Give again, word for word, the line holding "Kairos Leather Ardesia" and every line after it through the end of the data below. Omit pictures.

▽

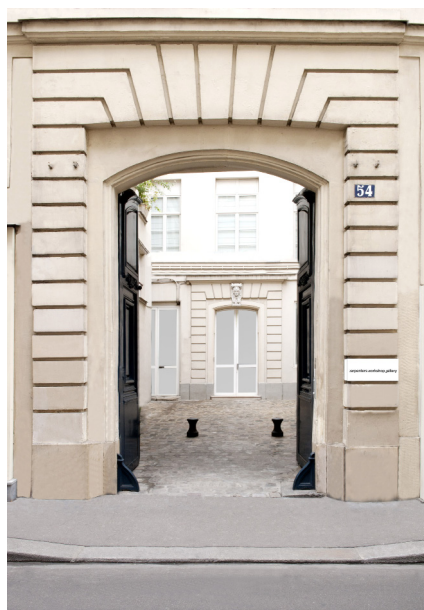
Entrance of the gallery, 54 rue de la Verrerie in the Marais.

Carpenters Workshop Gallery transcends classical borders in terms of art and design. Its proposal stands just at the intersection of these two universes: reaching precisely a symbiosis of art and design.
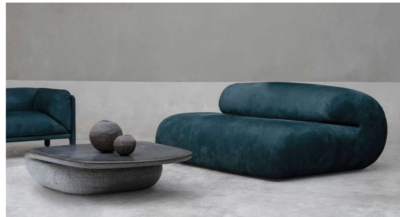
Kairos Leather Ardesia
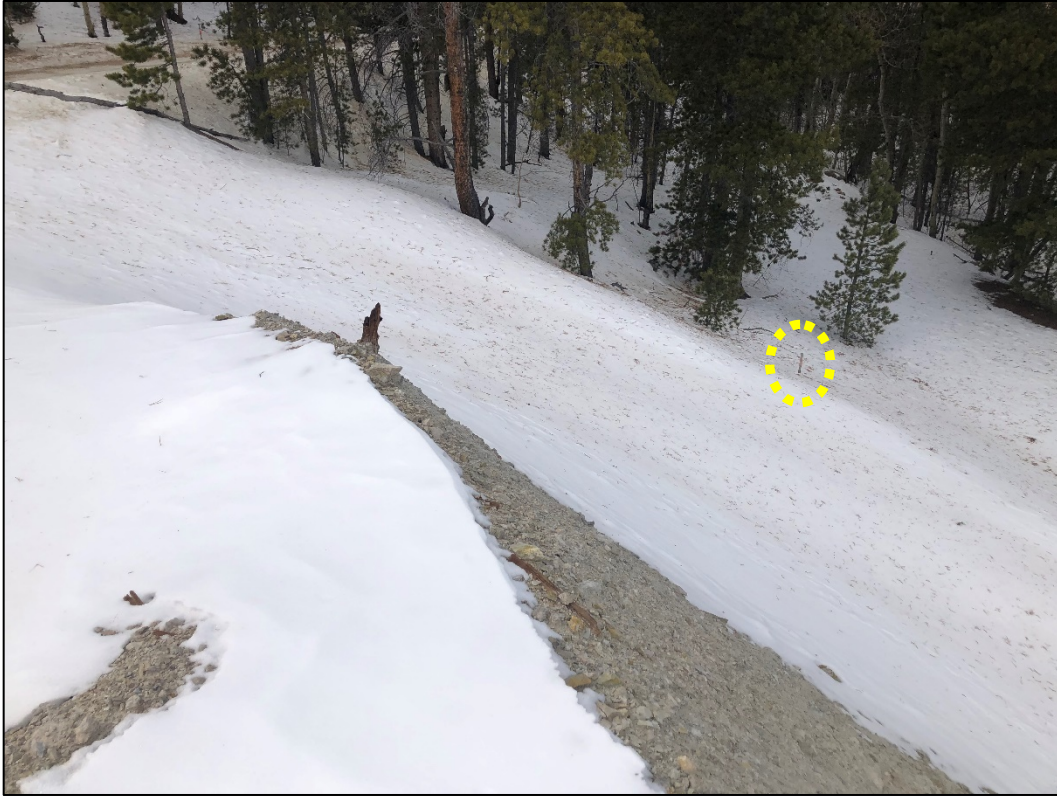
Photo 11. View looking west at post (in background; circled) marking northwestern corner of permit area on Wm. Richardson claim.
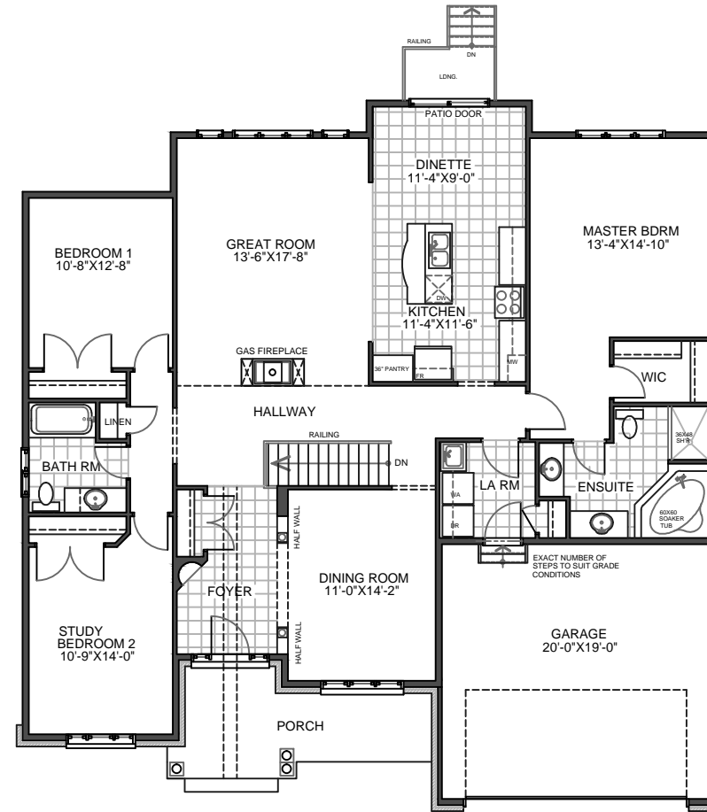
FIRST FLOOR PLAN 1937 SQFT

△

**Expected answer**
Kairos Leather Ardesia
Photo 11. View looking west at post (in background; circled) marking northwestern corner of permit area on Wm. Richardson claim.
FIRST FLOOR PLAN 1937 SQFT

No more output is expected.